DUBAI: In its first two seasons, “Shrinking” offered a smartly written, emotionally intelligent look at loss, therapy and the general messiness of human connection through the story of grieving therapist Jimmy (Jason Segel) — whose wife died in a tragic accident — and the village of flawed but recognizably human characters helping to heal him. Season three struggles to move forward with the same grace and thoughtfulness. It’s as though, encouraged by early praise, it has started believing its own hype.
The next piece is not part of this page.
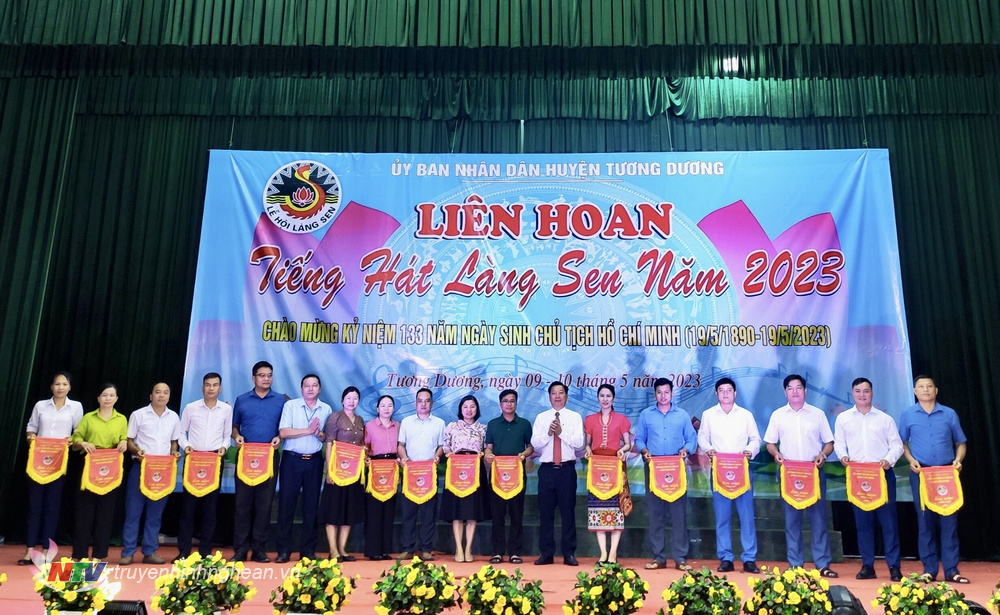 | Trung tướng Nguyễn Ngọc Toàn và Phó Chủ tịch UBND tỉnh Bùi Đình Long tặng hoa và biểu trưng cho đại diện các đoàn nghệ thuật quần chúng |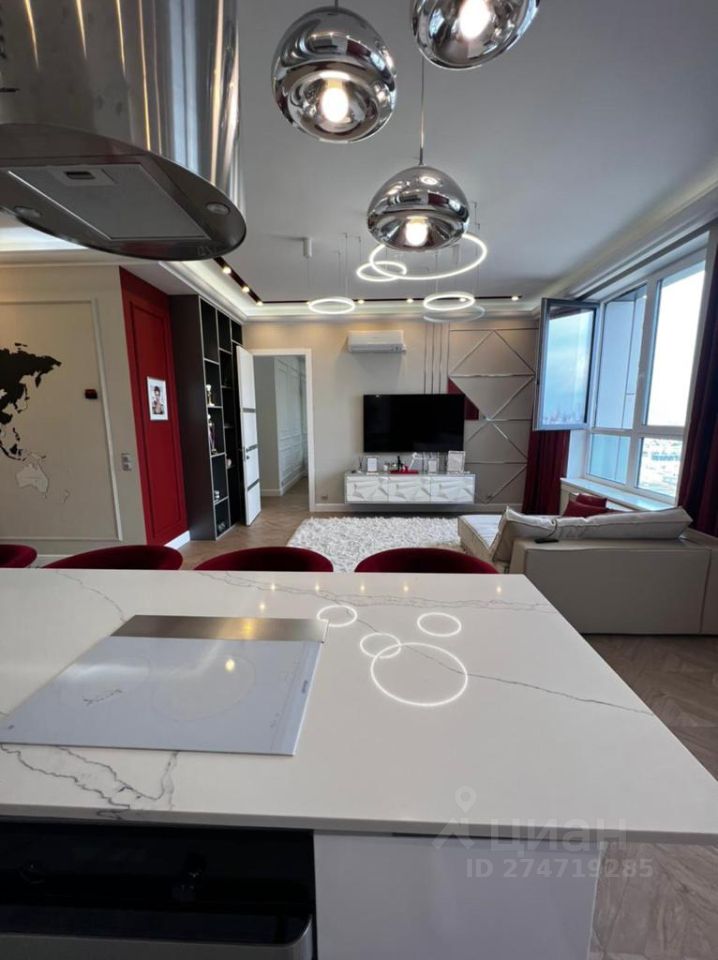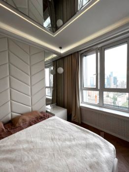 Выполнен дизайнерский ремонт, продуманный до мелочей, который позволяет визуально увеличить площадь квартиры в разы за счёт зеркал и других техник. Огромные окна делают квартиру очень светлой и солнечной. В спальне имеется зеркало на потолке, которое не оставит равнодушным любого, умная кровать, которая может приобретать форму дивана и ещё вибрировать, что очень расслабляет после тяжелого рабочего дня. Квартира оснащена всем необходимым для проживания. Мебель и техника дорогостоящие.

For those familiar with co-creator Bill Lawrence’s other juggernaut, “Ted Lasso,” it’s a painfully familiar trajectory. That comedy also floundered in its third season. Emotional moments were resolved too quickly in favor of bits and once-complex characters were diluted into caricatures of themselves. “Shrinking” looks like it’s headed in the same direction.

The season’s central theme is “moving forward” — onward from grief, onward from guilt, and onward from the stifling comfort of the familiar. On paper, this is fertile ground for a show that deftly deals with human emotions. Jimmy is struggling with his daughter’s impending move to college and the loneliness of an empty nest, while also negotiating a delicate relationship with his own father (Jeff Daniels). Those around him are also in flux. 

But none of it lands meaningfully. The gags come a mile a minute and the actors overextend themselves trying to sound convincing. They’ve all been hollowed out to somehow sound bizarrely like each other.

Thankfully, there is still Harrison Ford as Paul, the gruff senior therapist grappling with Parkinson’s disease who is also Jimmy’s boss. His performance is devastatingly moving — one of his best — and the reason why the show can still be considered a required watch. Michael J. Fox also appears as a fellow Parkinson’s patient, and the pair are an absolute delight to watch together.

A fourth season has already been greenlit. Hopefully, despite its quest to keep moving forward, the show pauses long enough to find its center again. At its best, “Shrinking” is a deeply moving story about the pleasures and joys of community, and we could all use more of that.